4.1. Training Parameters and Evaluation Metrics

The learning step size of the LSTM neural network, MLP, and 1D-Conv was 0.0001; each model was trained for 20 epochs; and the batch size was 20. Each model was trained five times.

For binary classification problems, the results can be divided into four categories. TP (True Positive): correctly predicting the positive class; FP (False Positive): incorrectly predicting the positive class; TN (True Negative): correctly predicting the negative class; FN (False Negative): incorrectly predicting the negative class. For the classification model in the first stage, we compared four metrics on the test dataset: accuracy, precision, recall, and F1 score. Accuracy is the proportion of correctly classified samples out of the total number of samples:

A = (TP + TN) / (TP + FP + TN + FN)

; precision is the proportion of true positive samples out of the samples predicted as positive:

P = TP / (TP + FP)

; recall is the proportion of true positive samples out of the actual positive samples:

R = TP / (TP + FN)

; and F1 score considers both precision and recall, and is calculated as

F 1 = 2 PR / (P + R)

. Since the recognition task in the first stage is a multi-classification problem, we adopted the weighted average method to consider the imbalance in the number of samples in each class:

M_{W} = \sum_{i = 1}^{N} \frac{M_{i} \times S_{i}}{\sum_{i = 1}^{N} S_{i}}

(7)

where N represents the number of categories,

S_{i}

is the number of fragments of the i-th category,

M_{i}

is the metric to be calculated, and

M_{W}

is the metric after the weighted average.

4.2. Experimental Results

To evaluate the influence of three types of sensor information on the recognition results, we conducted ablation experiments testing four cases: 1. with force, image, and position; 2. without image; 3. without position; 4. without image and position. The average results of five trainings are shown in Figure 7. From the results, it can be seen that SVM performed the best, followed by LSTM, with the MLP and Conv models performing the worst. In the SVM and Conv models, the position information had a smaller effect, and the evaluation index only decreased slightly after removing the position information. However, in the MLP and LSTM models, the position information had a more significant influence. Image information played a key role in all models; removing the image information led to a noticeable decline in the metrics.

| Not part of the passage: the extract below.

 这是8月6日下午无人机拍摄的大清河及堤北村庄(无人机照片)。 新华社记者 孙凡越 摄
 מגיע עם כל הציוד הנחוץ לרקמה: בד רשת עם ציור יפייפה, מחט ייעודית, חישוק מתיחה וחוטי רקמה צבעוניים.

Considering the differences between the data in the training dataset collected via a manual teaching process and the real assembly process, coupled with the small size of the training dataset, there may have been an overfitting issue. To test the generalization ability of the models and the effectiveness of the two-stage recognition method proposed in this paper, we conducted 20 successful dual-hole assembly processes using the automatic assembly algorithm proposed in [3]. The experiments were performed using two manipulators, as shown in Figure 1. Each manipulator had a force/torque sensor and a monocular hand–eye camera installed at the end effector. We conducted experiments on two different holes, as shown in Figure 8. The inner diameters of the holes were 19.6 mm and 20.2 mm, and the diameters of the pegs were 19 mm and 20 mm. We randomly selected the initial positions of the two pegs at a height of 1 cm from the hole surface and within 3 cm from the hole center.

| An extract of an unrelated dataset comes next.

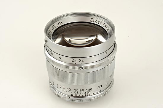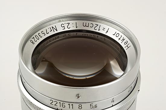 prototype lens of the later 12.5cm Hektor, extremely rare with original hood engraved: “Hektor 12cm, Ernst Leitz Wetzlar Germany” (condition B/C), see: Lager II page 93, Wilhelm Albert "Geburtstage der Leitz-Foto-Konstruktionen ab 1927", page 162, "10 Jahre Leica Historica Beiträge zur Geschichte der Leica", pages 100-101, with a probably unique prototype sports-finder 12cm (condition B)

During the assembly process, we tested the number of times each model correctly recognized the success state. The results are shown in Table 2. The experimental results indicate that although all four models achieved good performance on the test set, their performance significantly decreased during the actual automatic assembly process. This is because the data distribution of the teaching process was inconsistent with that of the real automatic assembly process. The performance of the SVM model in this paper is better than that of the neural network; we think this is due to the properties of the feature space. As can be seen from the curve in Figure 6, when the state changes, the force information changes. There is a relatively obvious boundary between the different states in the feature space, and the SVM model is good at handling such problems. It can be seen from Figure 7 that the position information has little influence on the recognition results of the SVM model. Because the SVM model can only use part of the dimensions of the feature space for recognition, it naturally avoids the influence of interfering features on the recognition results. Compared with the SVM model, the neural network models have more parameters and stronger nonlinearity and are more likely to overfit and be affected by interfering features when the dataset is small. The SVM model has the best generalization ability among the four types of models, but the success rate is still low when only the first stage of the model is used. After adding the second stage recognition, the accuracy rate is significantly improved.

5. Conclusions

It is challenging to accurately recognize the contact state in MMPiH tasks. In this paper, we tested the performance of SVM and several neural network models in these tasks and conducted ablation experiments to test the contribution of three types of sensor information: force/torque, images, and position. The experimental results show that SVM has better performance than the neural network models when the size of the dataset is limited, but there is still a generalization problem. By imposing heuristic exploration, we proposed a two-stage recognition strategy that can improve the performance. In order to reduce the difficulty, in this paper, the contact states were divided into three categories: success states, failure states, and other states, and the statistical-based model was used to solve the three-class problem. However, how to accurately recognize 16 contact states is an unsolved problem that requires further research.

Author Contributions

J.Z. and C.B. conceived the research; C.B. and J.G. designed the algorithm; All authors contributed to the analysis of the results; J.Z. drafted a first version of the manuscript, C.B., J.G., Z.C. and Y.C. revised the manuscript. All authors have read and agreed to the published version of the manuscript.

Funding

This research was funded by the Civil Aerospace Technology Research Project (D010103).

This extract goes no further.